Wednesday, August 31, 2011

MIDNIGHT

FLASHPOINT #5—Andy Kubert, Sandra Hope, and Alex Sinclair have done a fine job throughout this series throwing down some beautiful pages, but Geoff Johns’s beats were never really dialing in for me in the month-by-month. I jammed #1-4 right before it was time to hit the midnight sale and the entire thing read much better in one sitting. And then the fifth issue cranked things up splendidly. I dug and completely bought the whole thing being Barry’s fault in the first place, which of course was laid out for us right there at the end of FLASH #12, it just seemed somewhat nonsensical and anticlimactic at the time. But now that conversation with Iris is so great. “Just give me one more day.” Huh, just grasping the phrasing of that, could Johns have intentionally been thumbing his nose at Spidey/MJ/Quesada before setting up his very own continuity reboot? I’ve been real curious to see how we were going to get from old DCU to Flashpoint continuity to new DCU, and while it’s nowhere near as elegant as a Flash Fact, I suppose it will do. Barry broke time trying to save his mom, caused Flashpoint, Future Barry went back to stop himself from triggering the change, but wound up summoning some sort of temporal guide mystery woman and inadvertently fusing the DC, Wildstorm and Vertigo timelines together, because they all used to be one? It is a bit of a stretch, but what the hell. Moore first mined out Vertigo ideaspace on a DC paycheck, eighteen years later Jim Lee contracted to publish America’s Best Comics and then DC bought him, so there’s your connective tissue between the three.
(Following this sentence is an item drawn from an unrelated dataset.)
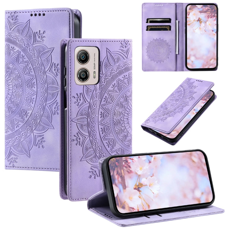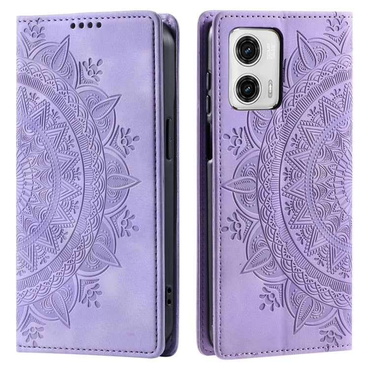 Funda de Cuero Magnética en Relieve para Motorola Moto G53 Totem (Púrpura)
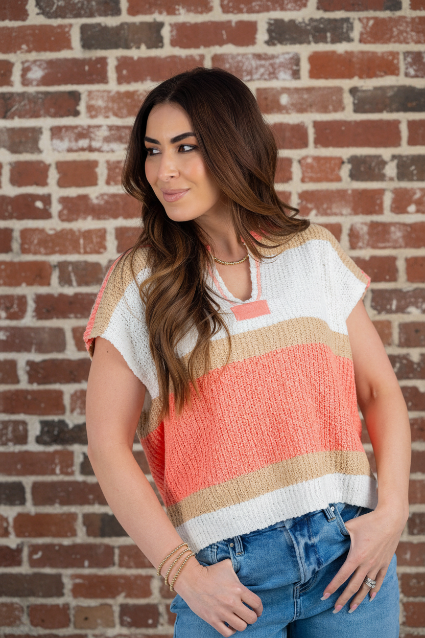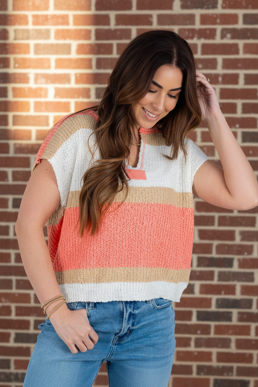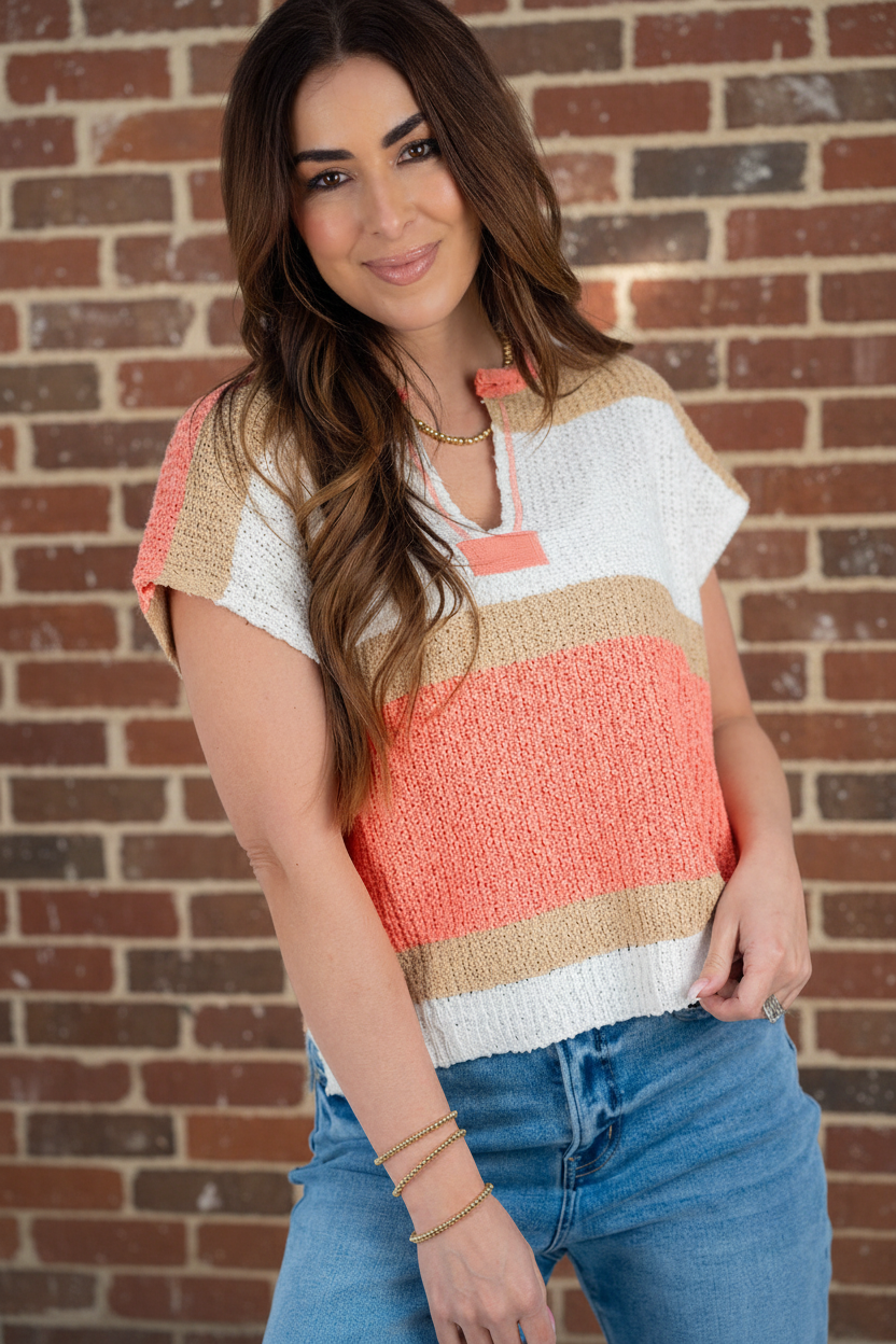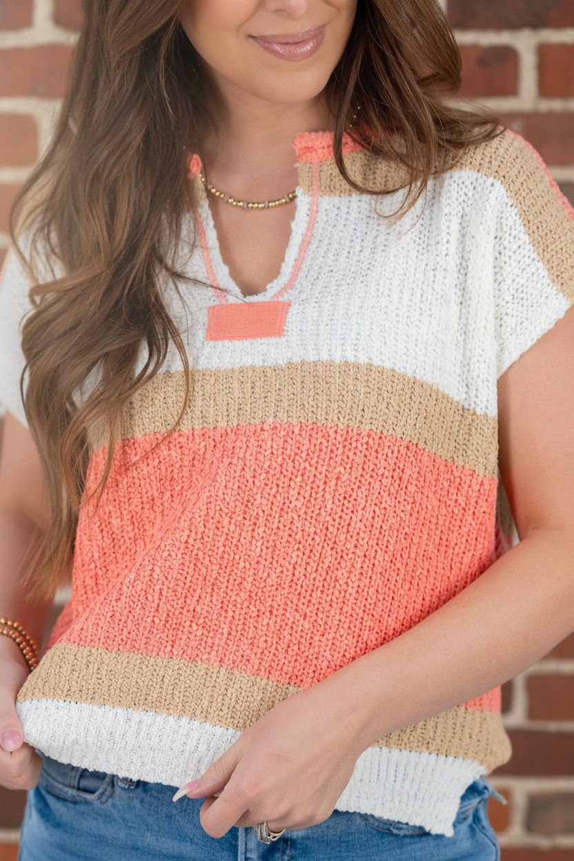 Bright, effortless, and full of personality—this textured knit top is your new warm-weather favorite. Designed with soft colorblock stripes and a relaxed, easy fit, it brings a fun pop of color without ever trying too hard.

The only hiccup that this issue gave me was that letter. And don’t get me wrong, I’m all about Bruce pulling a win where family is concerned, but along with the screwed-up timeline of his own mini-series, I just can’t see when Dr. Wayne had time to pen a heartfelt missive to his parallel universe son who didn’t get shot. In transit somewhere, on the way from the Beck house, sure, it just strains credulity a bit much for me. And I am all about the running-so-fast-you-change-the-past. Oh, well. I guess this Batman had a plan for everything, too.
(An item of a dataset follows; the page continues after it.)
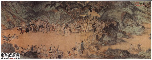 此图用笔工细,线条简练而精确,设色快而秀丽,形象真实生动,具有唐人风范。以高丽(朝鲜)国诞生之神话为画题。传说河伯之女生卵得子,名朱蒙,猿臂善射,随王出猎,箭无虚发,为王所嫉而俗杀之。朱蒙乘马遁去,水族助其渡河。
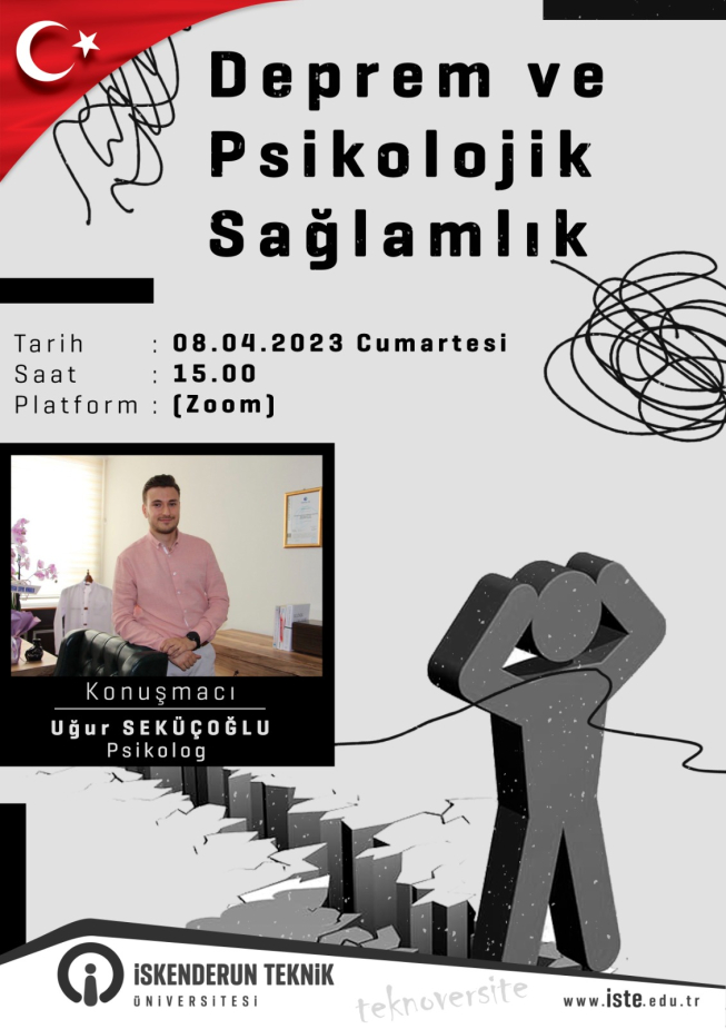 : Psikolog Uğur Seküçoğlu’nun konuk olarak katılacağı, ‘Deprem ve Psikolojik Sağlamlık’ konulu program 8 Nisan 2023 Cumartesi günü saat 15.00’da 'Zoom' üzerinden gerçekleşecektir.

JUSTICE LEAGUE #1—Of course the art is gorgeous. I mean, really well done. And the story’s engaging enough on a shallow level. Half of the people on the cover meet for the first time and Vic Stone scores a touchdown. I completely understand why Johns went this route, the kind of decompressed approach that served Bendis and Millar so well ten years ago in the first year of their Ultimate runs. But, good-looking art aside, it reads to me very much as a lowest common denominator reboot origin. Not as much The Secret Origin of the Justice League as Justice League Begins. Really really courting those non-readers who show up for the Nolan flicks. It’s slick as hell and the banter back and forth is rat-a-tat-tat (even in the places where it makes you wince), but the story did not fill me with wow and wonder. It didn’t even have to hit the notes of Morrison’s first issues of JLA or JLA:CLASSIFIED. Old Joe Kelly did a fantastic job setting the tone in a very dense first issue (#61) that not only sent several plates spinning but served as a manifesto, a mission statement, for his entire run. I understand why they’re not really challenging anybody with this, inviting everybody in the pool, but maybe there are more folks who don’t mind scratching their heads at all the insane shenanigans erupting than they think. I’m certainly glad I went and got these at midnight, took part in the event and all, but I wasn’t expecting this title to crack my personal top five. It didn’t, but was still fun to read, which is maybe sometimes enough. It does have me keyed up for this month, though, I tell you what. The best is yet to come.